One-third of NOAC patients treated inappropriately: study

Thursday, 28 Apr 2016

One in three patients prescribed apixaban, dabigatran or rivaroxaban are not being treated according to evidence-based guidelines, a Brisbane study has found.

Published in the Internal Medicine Journal the study concluded that 55 of 174 patients studied were treated inappropriately.

Treatment with a NOAC was contraindicated in 40% of this group, mainly because of severe renal impairment (creatinine clearance <30 mL/min).

Another 22% were prescribed an excessively high dose, and 38% were under-dosed.

“Our findings imply that there remains considerable uncertainty about appropriate prescribing and dosing of NOACs, particularly in patients with impaired renal function,” the research team concluded.

“We recommend judicious prescribing and regular monitoring of renal function in patients at high risk of complications from NOAC therapy.”

NOAC users were identified in the records of patients admitted to Brisbane’s three major teaching hospitals during a three-month period in 2014.

Three-quarters were prescribed NOACs because of non-valvular atrial fibrillation, and the remainder because of a history of venous thromboembolism.

The majority had commenced treatment in the community. Their renal function was generally poorer than those initiated in hospital, but the appropriateness of prescribing was no different between the groups.

However, appropriate prescribing was higher in patients with VTE rather than AF (85% vs 60%).

“A limited number of elderly patients (75 years of ager and older), or those with significant renal impairment or at extremes of body weight, were included in the major landmark clinical trials,” Ms Pattullo said.

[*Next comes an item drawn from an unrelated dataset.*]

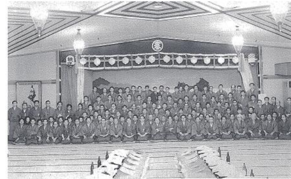
JCD日本店舗設計家協会 社団法人創立総会 於：古賀の井 S38.1.20

In addition, patient selection and the frequency of review in routine clinical practice may not match the standards achieved in trials.

“If an incorrect dose is selected, a patient’s physiological parameters change, or interacting concomitant medications are erroneously assed, patients may receive inappropriate NOAC therapy for long periods of time without review or monitoring.

“These concerns have been borne out by reports of increased bleeding associated with NOAC use in the elderly.”

The research team recommended continued promotion of current guidelines on NOAC use, as well as routine monitoring of renal function during treatment.